> _INPUT FOR THIS TASK_:
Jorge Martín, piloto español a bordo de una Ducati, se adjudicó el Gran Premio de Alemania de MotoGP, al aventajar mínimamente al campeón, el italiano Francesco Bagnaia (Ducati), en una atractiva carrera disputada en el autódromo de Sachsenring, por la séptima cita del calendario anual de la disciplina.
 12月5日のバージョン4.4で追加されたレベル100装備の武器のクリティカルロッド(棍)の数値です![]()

==

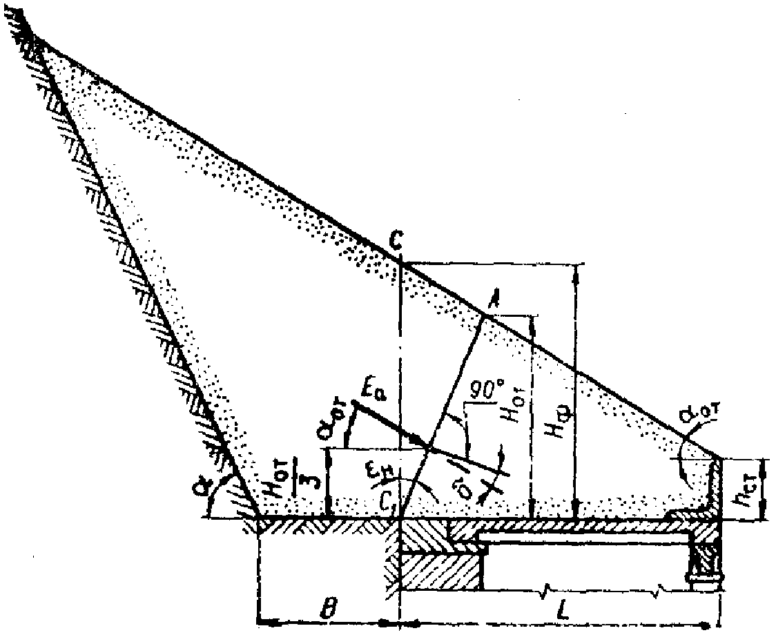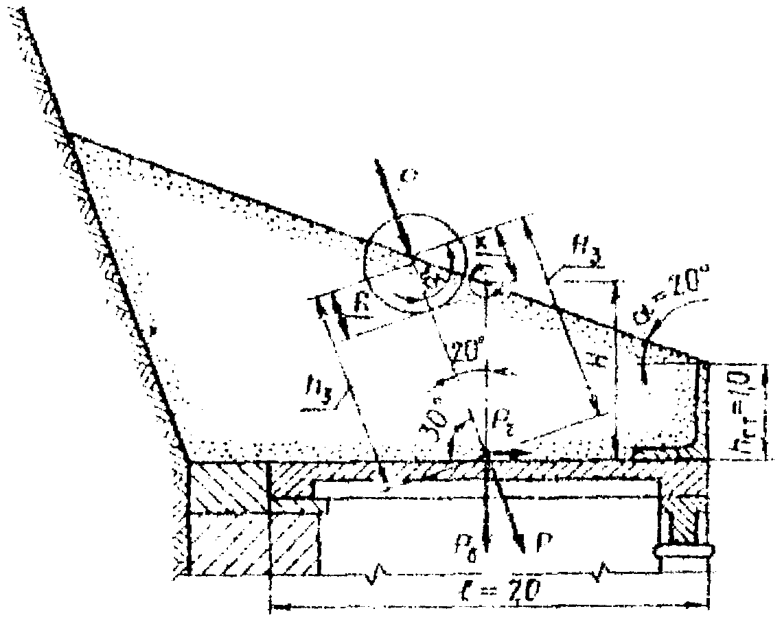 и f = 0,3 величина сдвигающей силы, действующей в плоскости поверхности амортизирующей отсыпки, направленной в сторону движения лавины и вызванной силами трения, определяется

---

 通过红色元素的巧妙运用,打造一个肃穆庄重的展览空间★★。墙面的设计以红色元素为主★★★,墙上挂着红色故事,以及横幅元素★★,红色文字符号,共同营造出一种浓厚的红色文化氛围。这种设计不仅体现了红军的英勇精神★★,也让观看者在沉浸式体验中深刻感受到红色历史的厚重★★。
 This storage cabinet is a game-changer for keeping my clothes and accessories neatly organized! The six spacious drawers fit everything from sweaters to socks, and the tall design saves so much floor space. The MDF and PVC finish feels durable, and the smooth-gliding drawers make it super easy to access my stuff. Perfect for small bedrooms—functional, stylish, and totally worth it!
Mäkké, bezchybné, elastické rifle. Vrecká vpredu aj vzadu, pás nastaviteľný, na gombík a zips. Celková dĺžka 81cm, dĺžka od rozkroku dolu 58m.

> _WORK TO BE COMPLETED_:
Print the lines above from the one with "Jorge Martín, piloto" through the one with "12月5日のバージョン4.4", both included, exactly as written and nothing more.

> _EXERCISE RESULT_:
Jorge Martín, piloto español a bordo de una Ducati, se adjudicó el Gran Premio de Alemania de MotoGP, al aventajar mínimamente al campeón, el italiano Francesco Bagnaia (Ducati), en una atractiva carrera disputada en el autódromo de Sachsenring, por la séptima cita del calendario anual de la disciplina.
 12月5日のバージョン4.4で追加されたレベル100装備の武器のクリティカルロッド(棍)の数値です![]()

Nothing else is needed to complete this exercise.